In the related art, a crowd behavior identification method based on deep learning is often to try to establish a larger-scale space-time relationship model and more various input features (video optical flow and human body key point information) to improve the accuracy of crowd behavior identification.

The embodiment of the disclosure provides a behavior recognition method, which further considers that in the crowd behavior recognition, not the action of each person is important for the crowd behavior recognition. For example, in volleyball games, it is often only players who approach or touch the volleyball that are decisive for the identification of the crowd behavior category. Therefore, the method includes clustering a plurality of character features in a video frame to obtain a clustering result, determining attention distribution weights of the character features in the video frame based on the clustering result, and updating the character features based on the attention distribution weights; extracting person spatiotemporal features based on the updated person features; and performing behavior recognition on the video frame based on the character space-time characteristics to obtain a recognition result. Therefore, the relation between each individual characteristic (action) is obtained based on clustering, the attention distribution weight of the character characteristics is obtained based on the clustering result, so that the importance among different character characteristics is highlighted, the important action information can be highlighted, the calculation redundancy and information interference caused by analyzing the relation among unimportant individual actions are reduced, and the accuracy of behavior recognition is improved.

In one possible implementation, the behavior recognition method may be performed by an electronic device such as a terminal device or a server, the terminal device may be a User Equipment (UE), a mobile device, a User terminal, a cellular phone, a cordless phone, a Personal Digital Assistant (PDA), a handheld device, a computing device, a vehicle-mounted device, a wearable device, or the like, and the method may be implemented by a processor calling a computer readable instruction stored in a memory.

For convenience of description, in one or more embodiments of the present specification, an execution subject of the behavior recognition method may be a server, and hereinafter, an implementation of the method will be described by taking the execution subject as the server as an example. It is understood that the implementation of the method by the server is merely an exemplary illustration and should not be construed as a limitation of the method.

Fig. 1 shows a flowchart of a behavior recognition method according to an embodiment of the present disclosure, as shown in fig. 1, the behavior recognition method includes:

in step S11, an input video frame is received, and human features in the video frame are extracted.

The video frame may be any one of the video frames in the video frame sequence, or may be a plurality of video frames in the video frame sequence. The video frames may be input in the form of a sequence of video frames, and the length of a single sequence of video frames may be predetermined, for example 20 frames.

The video frame may be a video frame stored in the local storage space, and then the video frame may be read from the terminal local storage space to implement input of the video frame, for example, the video frame may be a video frame in a video of a locally stored sports event, and for example, the video frame may be a video frame in a locally stored mall management video.

Alternatively, the video frame may also be a video frame acquired by an image acquisition device in real time, for example, a video frame in a live video of a sports event, or, for example, a video frame acquired by an image acquisition device located at an entrance of a shopping mall in real time.

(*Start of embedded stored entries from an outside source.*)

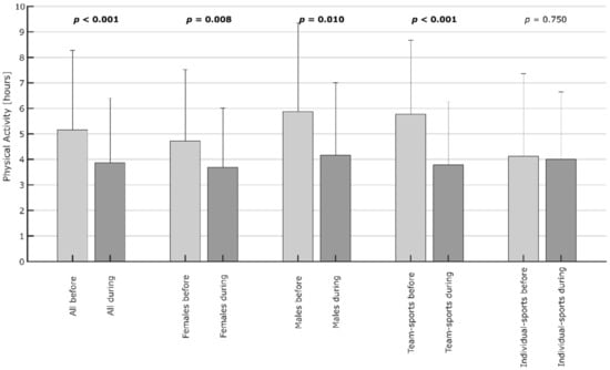 Before the pandemic, the participants (complete population) were active for M = 5.2 h (SD = 3.1 h) per week. During the pandemic, the activity dropped to M = 3.9 h (SD = 2.5 h). We observed a wide spread of values indicating the different fitness levels of the respondents. It is also noticeable that the standard deviation of physical activity before the pandemic is higher than during the pandemic (Figure 5).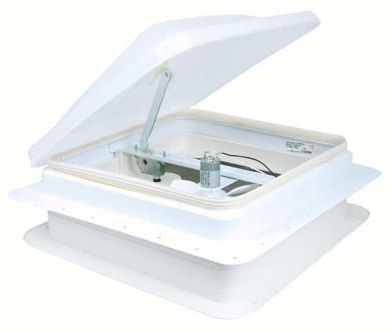 It also has extra strong galvanized steel roof flanges in a painted white finish and mounts onto the roof of your RV with screws.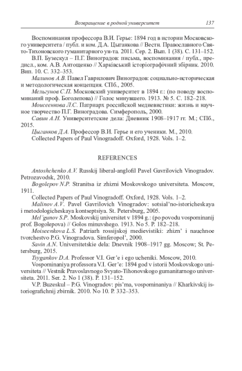 3. Воспоминания профессора В.И. Герье: 1894 год в истории Московского университета / публ. и ком. Д. А. Цыганкова // Вести. Православного Свято-Тихоновского гуманитарного ун-та. 2011. Сер. 2. Вып. 1 (38). С. 131-152.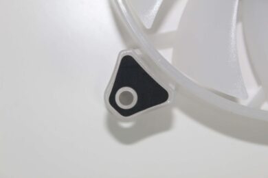 Der Mittelpunkt ist auf der Rückseite über acht Streben mit dem Rest des Lüfters verbunden. Die acht Streben sorgen für eine solide Grundstabilität. Außerdem werden hier die Kabel nach außen geführt. Neben dem üblichen 4-Pin-PWM-Kabel zur Ansteuerung des eigentlichen Lüfters, wird hier auf ein proprietäres RGB-Kabel gesetzt. Die Kabel sind schwarz und auf einen zusätzlichen Sleeve wird verzichtet.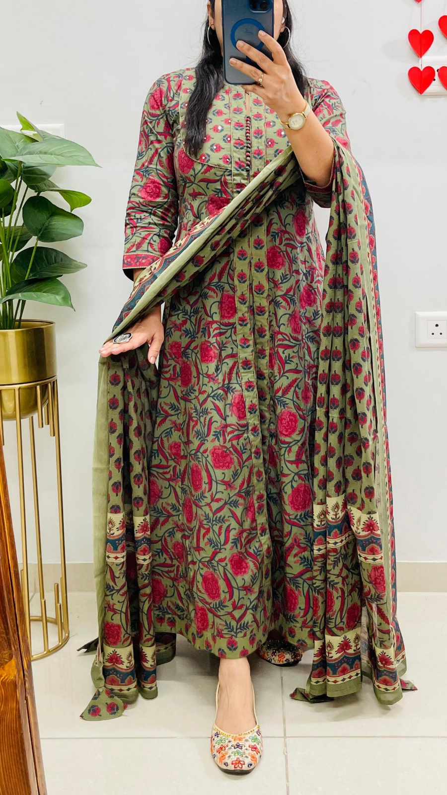 Classy Designer Dress in Complete Ethnic Traditional Look in Jaipuri Famous Ajrakh Print in Premium Fine Cotton Fabric with Front Cut Style Anarkali Kurti with Dupatta set perfect for all occasion….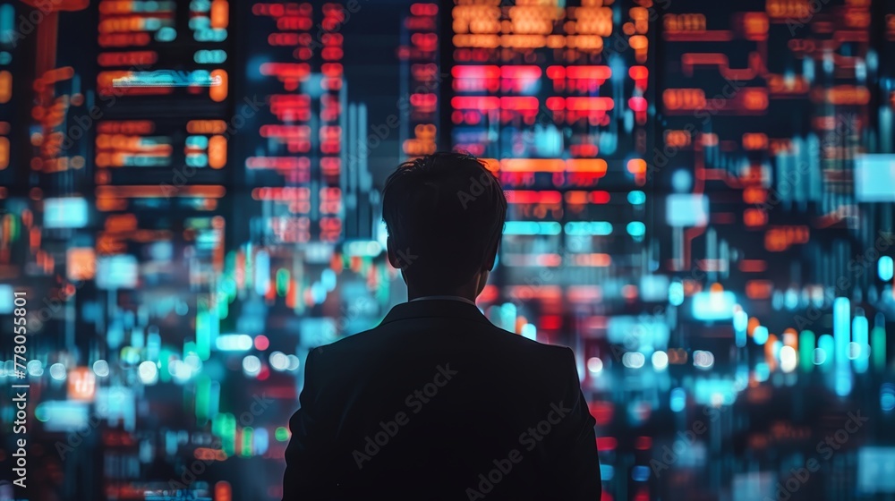 Wall mural a man is standing in front of a computer screen with a city view in the background. the man is weari - Wall murals Wall mural a man is standing in front of a computer screen with a city view in the background. the man is weari - Wall murals

In one possible implementation, extracting human features from the video frames includes: identifying human bodies in the video frames to obtain target rectangular frames of all the people; and extracting the features in the video frame, and matching the extracted features of the video frame by using the target rectangular frame in the video frame to obtain the corresponding character features.

Specifically, for the person in the video frame, the region where the person in the video frame is located may be identified through a human body identification technology, and the region is often represented by a rectangular frame, where the region framed by the rectangular frame is the region where the identified person is located. Since a plurality of rectangular boxes may be obtained when the same person is identified, the plurality of rectangular boxes may be deduplicated by a Non-Maximum Suppression (NMS) algorithm, and one rectangular box is reserved for one person in a single video frame as an area where the identified person is located.

For multiple frames of video frames in the sequence of video frames, the region where the person in the multiple frames of video frames is located can be obtained in the above manner.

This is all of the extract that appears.